Task instructions
The listing must be copied out in full and exactly; no images go with it.

Supplied material
==============================

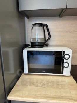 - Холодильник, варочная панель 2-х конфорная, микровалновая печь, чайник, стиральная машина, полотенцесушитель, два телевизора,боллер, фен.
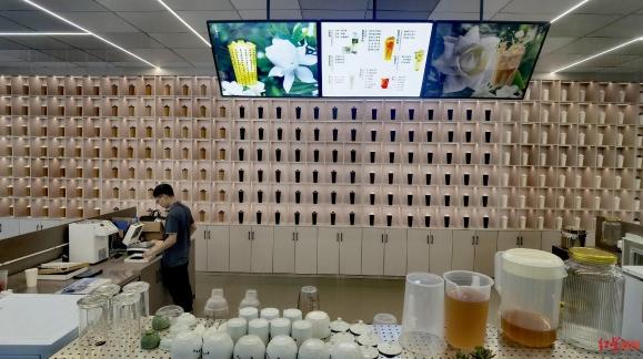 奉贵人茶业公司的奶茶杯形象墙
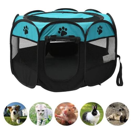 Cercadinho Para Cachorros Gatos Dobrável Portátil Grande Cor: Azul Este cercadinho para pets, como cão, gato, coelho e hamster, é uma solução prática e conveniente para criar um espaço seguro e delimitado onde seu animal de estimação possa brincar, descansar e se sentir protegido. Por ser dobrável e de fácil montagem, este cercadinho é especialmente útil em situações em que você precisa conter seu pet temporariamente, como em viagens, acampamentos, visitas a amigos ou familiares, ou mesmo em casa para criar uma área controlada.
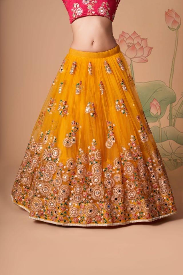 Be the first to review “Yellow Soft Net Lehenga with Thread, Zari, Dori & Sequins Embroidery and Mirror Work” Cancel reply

==============================

Final answer
 - Холодильник, варочная панель 2-х конфорная, микровалновая печь, чайник, стиральная машина, полотенцесушитель, два телевизора,боллер, фен.
 奉贵人茶业公司的奶茶杯形象墙
 Cercadinho Para Cachorros Gatos Dobrável Portátil Grande Cor: Azul Este cercadinho para pets, como cão, gato, coelho e hamster, é uma solução prática e conveniente para criar um espaço seguro e delimitado onde seu animal de estimação possa brincar, descansar e se sentir protegido. Por ser dobrável e de fácil montagem, este cercadinho é especialmente útil em situações em que você precisa conter seu pet temporariamente, como em viagens, acampamentos, visitas a amigos ou familiares, ou mesmo em casa para criar uma área controlada.
 Be the first to review “Yellow Soft Net Lehenga with Thread, Zari, Dori & Sequins Embroidery and Mirror Work” Cancel reply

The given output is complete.